Given $E(X)=100,\sigma(X)=10$ and $P(X\le 10k)\ge 4/5$, how do we find a lower bound on $k$ using the Chebyshev's inequality
Let $X$ be any r.v. with finite mean, $μ$, and finite variance. Then $∀a > 0,$
$$ P\bigg(|X-\mu|\ge a\bigg)\le\frac{\sigma^2(X)}{a^2} $$ which is the Chebyshev’s inequality.

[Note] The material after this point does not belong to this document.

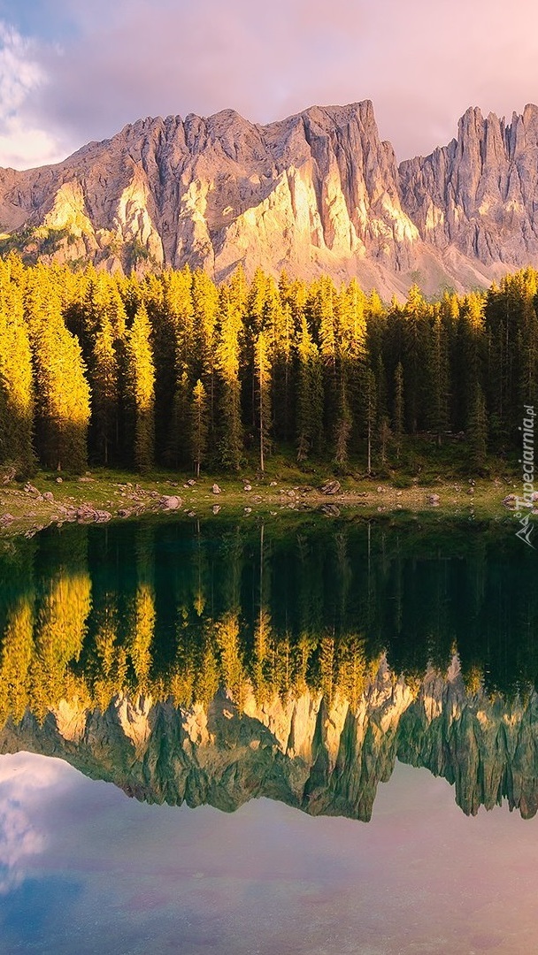 Edytor tapety: Odbicie góry Latemar w jeziorze Karersee

$$ P(X\le 10k)\ge 4/5\implies P(X> 10k)\le 1/5\implies P(X-\mu>10k-\mu)\le 1/5\\ $$ And from Chebyshev’s inequality $$ P(|X-\mu|\ge 10k-\mu)=P\Big(X-\mu\ge 10k-\mu\text{ or }X-\mu\le -(10k-\mu)\Big)\le \frac{100}{(10k-\mu)^2}\\ P(X-\mu\ge 10k-\mu)+P(X-\mu\le -(10k-\mu))\le \frac{100}{(10k-\mu)^2} $$ Is there a way to proceed further?

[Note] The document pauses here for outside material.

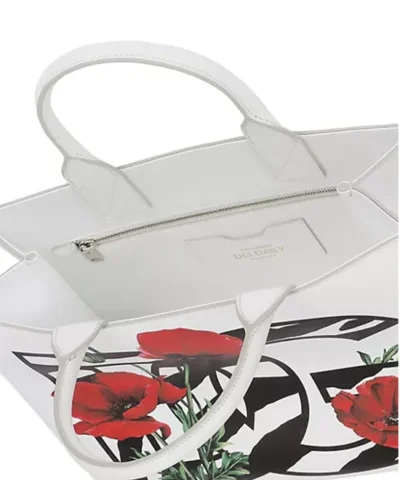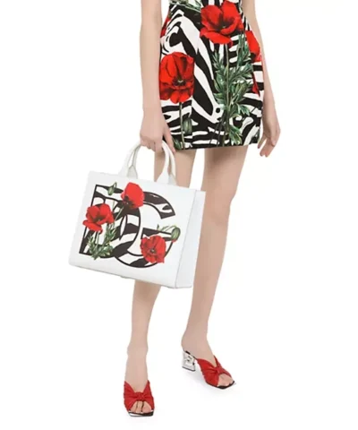 DOLCE&GABBANA’s tote features an oversized DG logo decorated in a bold zebra print and beautiful peonies. Made in Italy, this structured piece is crafted of rich leather.

Note that as long as $10k-\mu > 0$, $$P(X-\mu > 10k-\mu) \leq P(|X-\mu| \geq 10k-\mu) \leq \frac{\sigma^2(X)}{(10k-\mu)^2}$$ so we'll have the left-most quantity $\leq 1/5$ if the right-most quantity is $ \leq 1/5$. Using the given values, $$\frac{100}{(10k-100)^2} \leq \frac15 \\ (k-10)^2 \geq 5$$
This last inequality will hold if $k \geq 10 + \sqrt{5}$, and for any such $k$, we can check that $10k-\mu > 0$, so $$k \geq 10+\sqrt{5}$$ is sufficient for $P(X\leq 10k) \geq \frac45$.